Work order: Could you give back exactly the lines below from the one with "Чтобы сделать более" through the one with "Editorial: Año tributario", without a single picture?

::: Extracted records

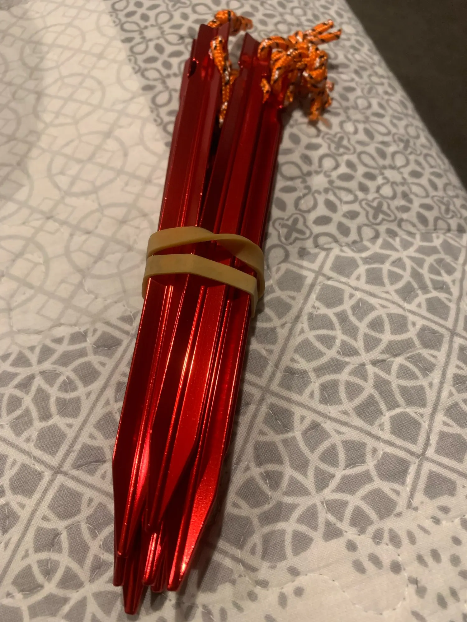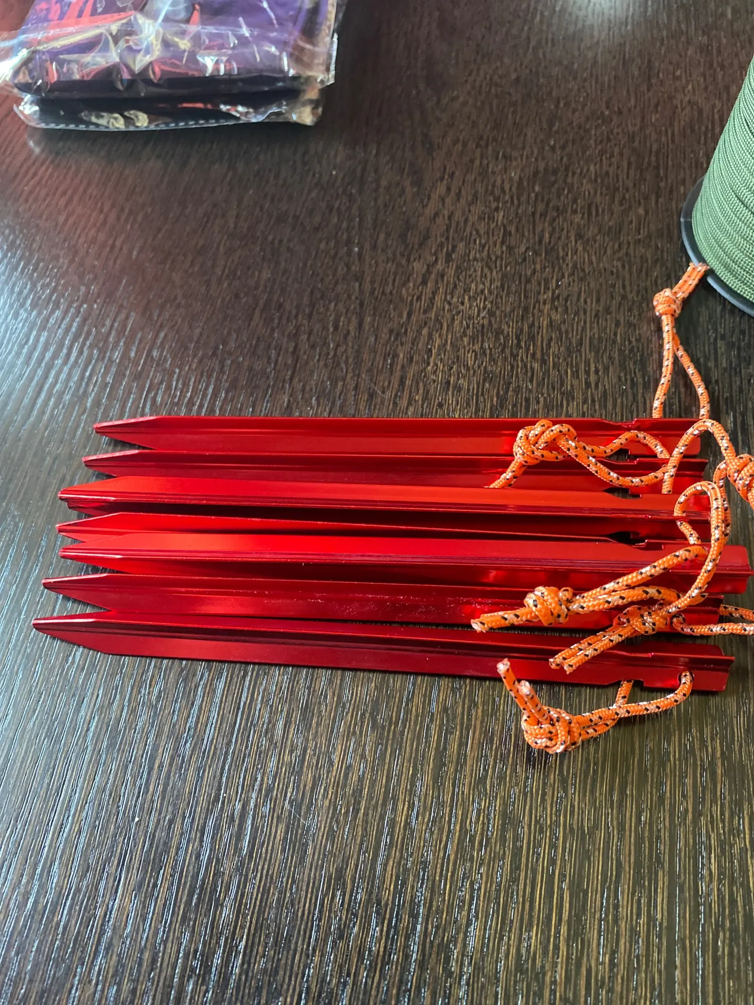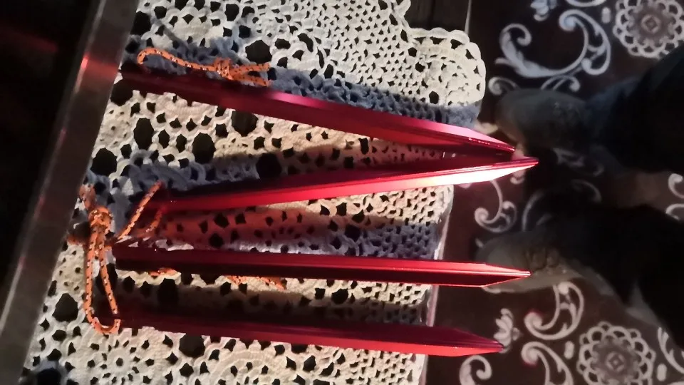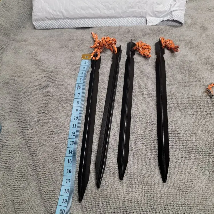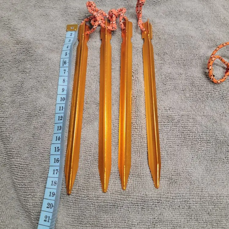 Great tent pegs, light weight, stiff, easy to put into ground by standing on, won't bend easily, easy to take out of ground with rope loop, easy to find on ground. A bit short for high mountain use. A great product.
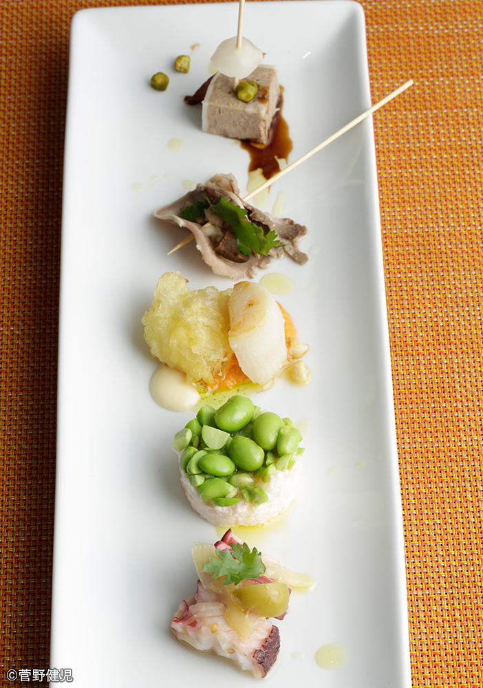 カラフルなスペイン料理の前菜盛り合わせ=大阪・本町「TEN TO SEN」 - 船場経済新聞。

::::::
::: Extracted records

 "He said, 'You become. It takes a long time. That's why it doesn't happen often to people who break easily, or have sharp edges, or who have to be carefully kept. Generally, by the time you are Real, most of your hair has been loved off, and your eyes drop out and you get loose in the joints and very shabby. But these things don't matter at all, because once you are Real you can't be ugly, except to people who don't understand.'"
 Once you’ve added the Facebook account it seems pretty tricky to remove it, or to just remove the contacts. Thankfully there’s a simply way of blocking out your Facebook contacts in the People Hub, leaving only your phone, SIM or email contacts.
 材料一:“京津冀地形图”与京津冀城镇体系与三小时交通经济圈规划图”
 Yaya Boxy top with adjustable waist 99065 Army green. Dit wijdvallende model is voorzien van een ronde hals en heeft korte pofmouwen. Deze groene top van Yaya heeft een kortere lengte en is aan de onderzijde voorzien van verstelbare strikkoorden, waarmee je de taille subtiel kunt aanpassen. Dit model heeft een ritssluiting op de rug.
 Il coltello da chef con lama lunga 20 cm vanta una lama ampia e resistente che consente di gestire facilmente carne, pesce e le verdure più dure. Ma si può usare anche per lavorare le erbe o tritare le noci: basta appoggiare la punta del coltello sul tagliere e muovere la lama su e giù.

::::::
::: Extracted records

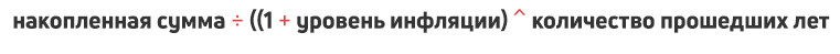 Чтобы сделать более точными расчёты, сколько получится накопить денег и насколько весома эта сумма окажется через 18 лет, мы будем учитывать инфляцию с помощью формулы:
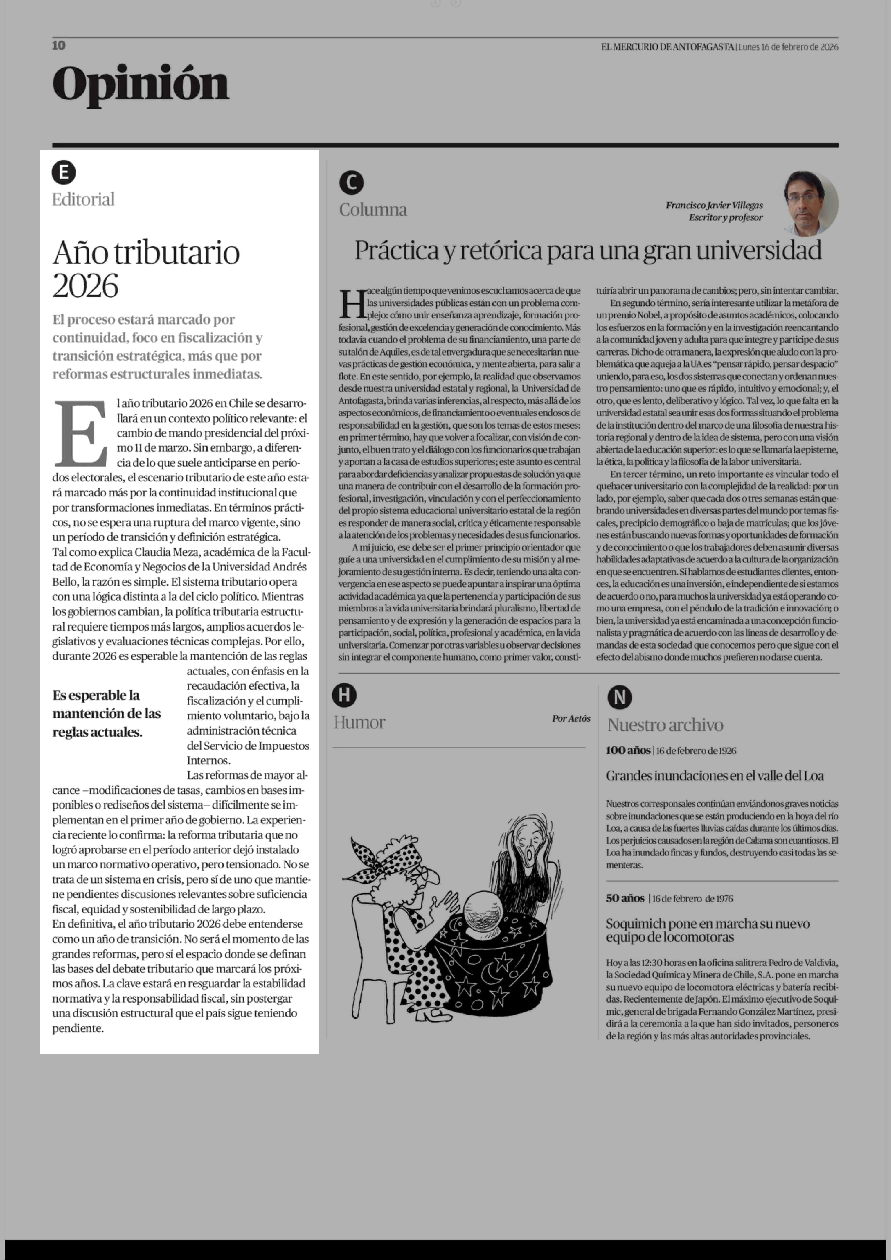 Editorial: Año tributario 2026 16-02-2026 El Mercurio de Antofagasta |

::::::

Your solution:
 Чтобы сделать более точными расчёты, сколько получится накопить денег и насколько весома эта сумма окажется через 18 лет, мы будем учитывать инфляцию с помощью формулы:
 Editorial: Año tributario 2026 16-02-2026 El Mercurio de Antofagasta |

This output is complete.